(What is being asked) Leaving out every picture, quote the data below exactly as it appears.

(Source material)
--- START ---
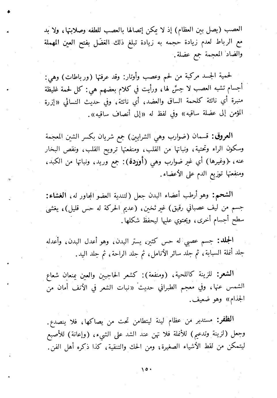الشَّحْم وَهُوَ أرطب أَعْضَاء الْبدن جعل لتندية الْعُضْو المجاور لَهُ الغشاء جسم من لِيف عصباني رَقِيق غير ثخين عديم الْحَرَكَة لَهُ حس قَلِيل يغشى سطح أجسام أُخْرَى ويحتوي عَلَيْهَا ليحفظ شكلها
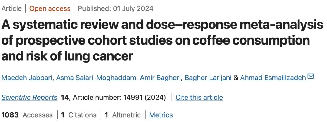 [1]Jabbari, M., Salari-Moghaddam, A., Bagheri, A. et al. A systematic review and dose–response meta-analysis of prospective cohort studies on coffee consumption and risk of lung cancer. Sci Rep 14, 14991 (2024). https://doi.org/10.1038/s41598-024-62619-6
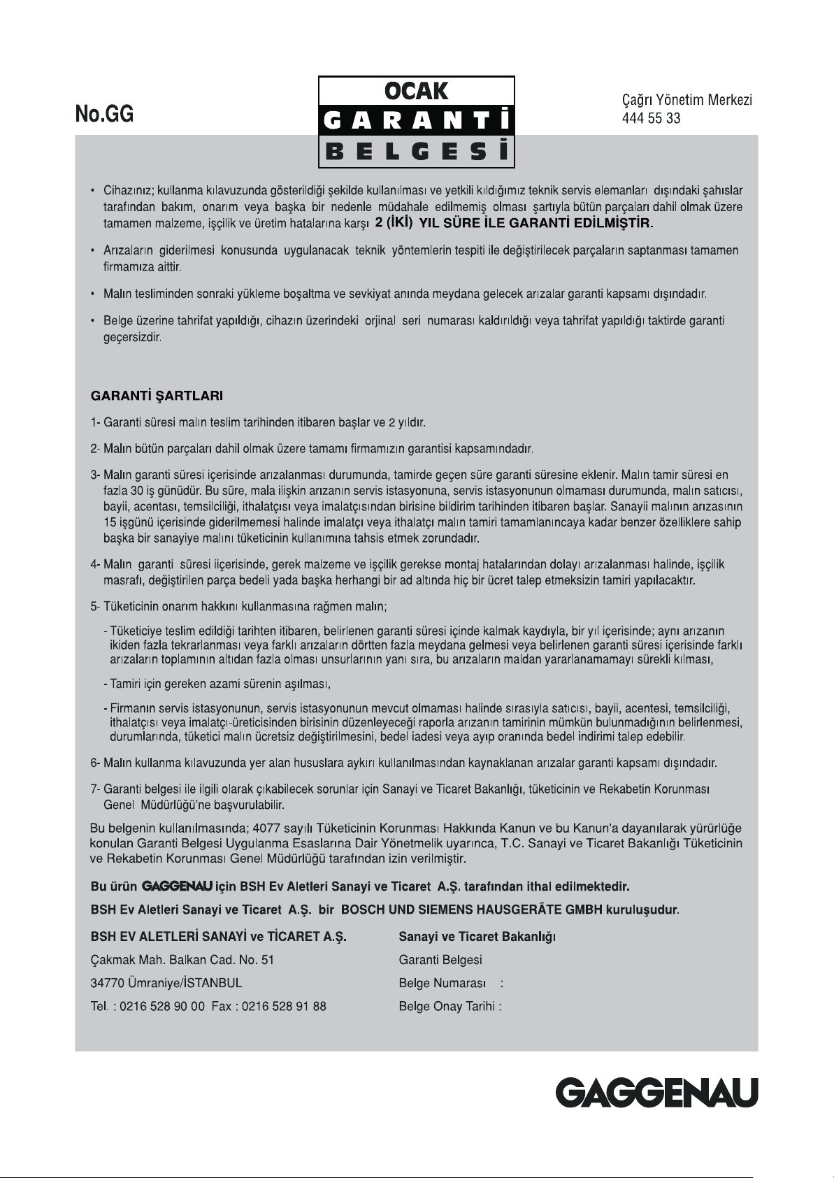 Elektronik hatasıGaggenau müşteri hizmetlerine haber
--- END ---
(Your solution)
الشَّحْم وَهُوَ أرطب أَعْضَاء الْبدن جعل لتندية الْعُضْو المجاور لَهُ الغشاء جسم من لِيف عصباني رَقِيق غير ثخين عديم الْحَرَكَة لَهُ حس قَلِيل يغشى سطح أجسام أُخْرَى ويحتوي عَلَيْهَا ليحفظ شكلها
 [1]Jabbari, M., Salari-Moghaddam, A., Bagheri, A. et al. A systematic review and dose–response meta-analysis of prospective cohort studies on coffee consumption and risk of lung cancer. Sci Rep 14, 14991 (2024). https://doi.org/10.1038/s41598-024-62619-6
 Elektronik hatasıGaggenau müşteri hizmetlerine haber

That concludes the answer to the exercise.